Some things will never change - so here's a few things I reckon you can pretty well much guarantee will happen this season...

- Sepp Blatter will say and/or do something really, really stupid. Because that's what he's best at. His tactlessness and thoughtless prejudice have never been hidden from the world in the past, so why change the habits of a lifetime? After all, this is the man who seriously suggested that the women's game could be made "more interesting" if the players wore tighter, more skimpy kits (that incurred him my undying enmity for being a sexist pig). And I can guarantee that he'll be rude about English football at least once this season. As I said, why change the habits of a lifetime?

- A manager will be sacked within the next month and a half. In this climate of instant gratification, instant results and profit-driven club owners, no manager is safe (particularly not at Newcastle...)

- My beloved Spurs will implode. Again. Unless they astound me by actually playing football as a team for a change. But after last season's shenanigans, things honestly can't get any worse! Hopefully we've upped our standards a bit over the summer. Maybe I'm being a bit harsh, but there's talent in that there Lane, and I know I'm not the only one who's sick and tired of seeing said talent underachieving. Sort it aaaaaht, 'Arry!

- And continuing the theme, 'Arry will continue to be ridiculously quotable - although it must be said that for all his daft comments, he'll always make more sense than Ian Holloway....

- Michael Owen will get injured again and/or spend most of the season warming the bench. It's inevitable really. Once upon a time, he was a massively talented young player with unbeatable pace and a cheeky touch in front of goal (who can forget that mazy run against Argentina, or that hat-trick against Germany?), but he's lost more than a yard or two of pace, and injury is taking its toll. Bet Fergie's glad he got Owen on a free - I'm not sure I'd have even paid a fiver for him on last season's form.
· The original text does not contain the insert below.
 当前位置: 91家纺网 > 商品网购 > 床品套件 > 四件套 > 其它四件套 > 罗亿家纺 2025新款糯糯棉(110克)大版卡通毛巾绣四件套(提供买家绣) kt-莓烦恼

- Rafa Benitez will finally graduate from his FA courses in Advanced Premiership Manager Mindgames and Talking Complete Bollocks. The feud with Fergie will step up a pace and become a full-blown vendetta in a Mafia stylee. You know, dark suits, veiled threats and lots of quoting from The Godfather. I'm actually quite looking forward to that!
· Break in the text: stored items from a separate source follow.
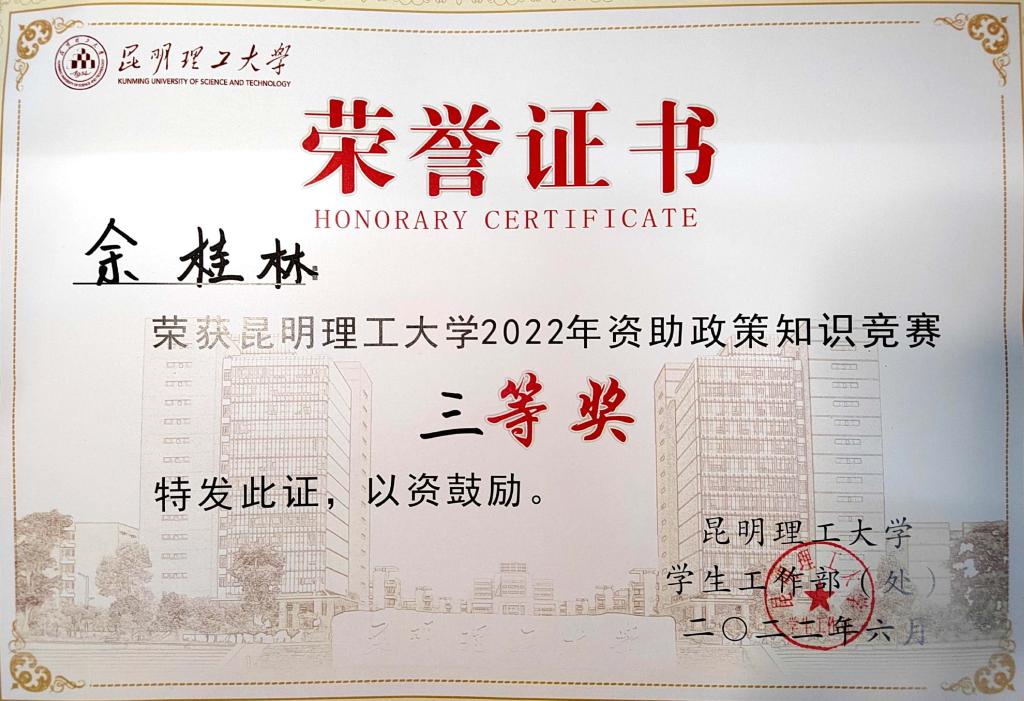 2022年资助政策知识竞赛二等奖,余桂林荣获黑料不打烊
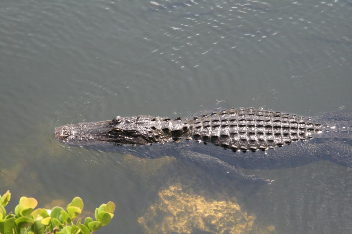 Vorher halten wir aber an einem Informationspunkt. Neben der Straße verläuft wieder ein Gewässer und in dem schwimmen jede Menge Alligatoren. Beim Informationspunkt befindet sich ein Steg, von dem aus man sie sehr gut beobachten kann.
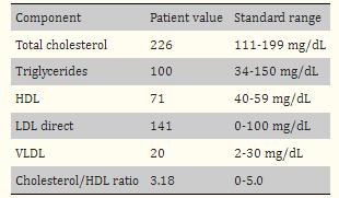 表1、患者就诊时的血脂检查显示总胆固醇、高密度脂蛋白和低密度脂蛋白升高
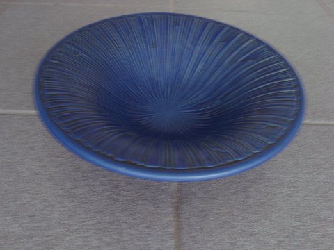 Axel Sørensen (1891-1967): Dyb blå bordskål med relief dekoration. Lavet for P. Ipsens Enke Bornholm. Stemplet: AS PIE Denmark 20 XI. Diamter -26½ cm. Højde - 7 cm.
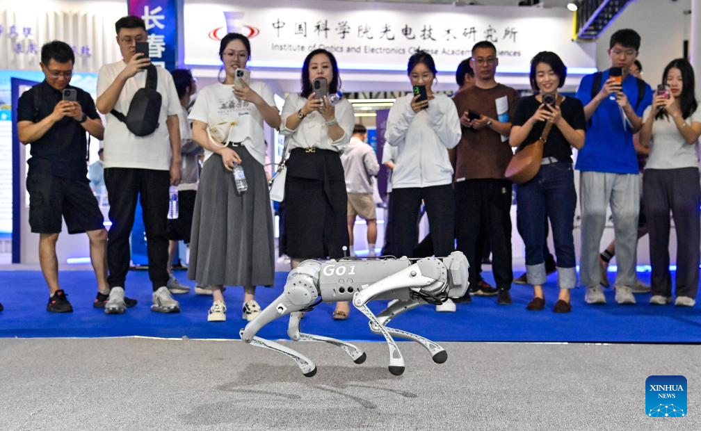 Visitors look at a robotic dog during the 2024 Changchun International Optoelectronic Expo in Changchun, northeast China's Jilin Province, June 18, 2024.

- Fabio Capello will finally end his love-affair with the English media after some chronic goalkeeping howlers in World Cup qualifiers. It's only a matter of time now; this love-in between the press and the England coach was never meant to last and like certain types of female spiders, they'll bite our Fab's head off and eat him alive.

- The FA will whinge on about Respect. Everyone will ignore them. Players (and managers) will continue to argue the toss about anything and everything with the ref - thank god that snide little winker Ronaldo has buggered off! When are the FA going to implement my suggestion of training up WWE wrestlers as referees? Once a player has been choke slammed by the Big Show a few times (in full view of the Sky cameras), he'd most definitely think twice about backchatting over a dubious penalty call.

- Arsene Whinger will, yet again, fail to visit Specsavers.

- Manchester City will, yet again, fail to buy the Premiership title, although they will gain the title of Premiership Team Containing the Most Amount of Spoilt, Overpaid Male Divas (last season's winners Chelsea were well beaten into second place). If that lot are actually playing as a team by the end of the season, well... I'll eat my green woolly hat!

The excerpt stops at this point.